Référendum : on parle beaucoup de référendum ces temps-ci. Comme si c’était une forme de panacée électorale. Pourtant, cette forme de scrutin populaire est loin d’être anodine et sans danger pour ceux qui s’en remettent à elle (on sait ce qu’elle a coûté à De Gaulle). Dans le champ politique, elle contourne le système de représentation parlementaire qui est le nôtre et, à ce titre-là, elle devrait toujours rester exceptionnelle. Mais notre époque, en crise perpétuelle, n’a que faire de ces préventions. Son dernier avatar en date concerne le monde de l’entreprise. Avec lui, l’employeur qui veut, par exemple augmenter la durée hebdomadaire de travail, peut directement traiter avec ses salariés, sans passer par leurs représentants syndicaux. Même s’il leur faut se plier à la décision exprimée par majorité des votants, ceux-ci se sentent, à juste titre, évincés d’un processus de négociations qu’ils ont largement contribué à créer au sein de l’entreprise. Et incriminent avec raison la politique de libéralisation pratiquée par le gouvernement depuis deux ans. Reste que ce type de consultation n’a pas, in fine, de valeur juridique sans un accord collectif d’entreprise. Et qu’un salarié, déçu par le résultat d’une telle négociation, peut légalement la contester aux prud’hommes. Pour le moment…

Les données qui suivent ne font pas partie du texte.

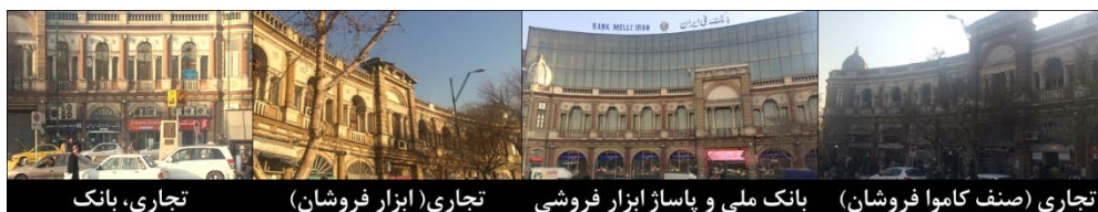
شکل ۳. میدان حسن‌آباد تهران

جای آن ساخته شد. این ساختمان متعلق به بانک ملی ایران بوده و اخیراً در پی بازسازی میدان در جلوی این نمای شیشه‌ای، سازه‌ای نمایشی شبیه به نمای دیگر بناهای میدان ساخته شد تا تمامیت فضای اولیه معماری میدان تا حدی بازگردد (شکل ۳). در ادامه و در جدول (۲ و ۳) به بررسی مدل عوامل تشکیل‌دهنده هویت مکانی در دو میدان ایالت و میدان حسن‌آباد پرداخته می‌شود.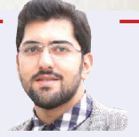
رضا شاعری نویسنده

مجموعه دریافت‌ها، ذهنیت‌ها، انگیزه‌ها و اقدامات حاج قاسم در تعامل با محیط و افرادی که با او در ارتباط بودند، برگرفته شده از شخصیت فردی و تربیت صحیح و الگوها و همچنین صفات و ویژگی‌هایی بود که در طول مسیر با تجربه‌ها آمیخته شده بود. کاظمی درباره شخصیت و جایگاه حقیقی و حقوقی حاج قاسم گفت: «جایگاه حقوقی او برای من بسیار ارزشمند بود و من به پاسداشت این جایگاه در مراسم سخنرانی که در قنات‌ملک داشتم، در حضور جمع دعوت شده، دست پدر حاج قاسم (مش‌حسن آقا) را به پاس تربیت صحیح و پرورش این صفات شخصیتی بوسیدم.» وی ادامه داد: «آنگونه که به فرمانده و شخصیت او که فکر می‌کنم اذعان می‌کنم که شخصیت او یک شخصیت برجسته بود. ما بسیاری از ابعاد شخصیتی این شهید را بعد از شهادت شناختیم و اخلاص و عمل در کلام و رفتار او در همه ابعاد جاری و ساری بود. سپهبد شهید اسلام در همه احوال اهل دلجویی بود. سال گذشته و بعد از شهادت او، مادرم که زنی سال‌خورده است برای تسلیت با من تماس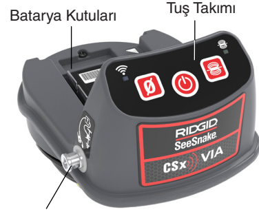
Verici Klipsli Terminal

Unédic : les chômeurs ne sont pas mieux lotis. Ils sont aujourd’hui près de six millions en France, répartis en de nombreuses catégories plus ou moins bien indemnisées. Pourtant, ce ne sont pas eux – ni, d’ailleurs les quarante mille employés de Pôle Emploi chargés de les encadrer – qui plombent la dette de l’Unédic (vingt-sept milliards d’euros). Ce qui creuse son déficit, c’est la multiplication des CDD, souvent très brefs, fruits d’une stratégie patronale à court terme. Dans ce cas, me direz-vous, l’état n’a qu’à augmenter leurs cotisations ? Eh bien non. Il préfère envisager la diminution de la durée et du montant des allocations chômage. Ah ! Le beau mot de socialisme.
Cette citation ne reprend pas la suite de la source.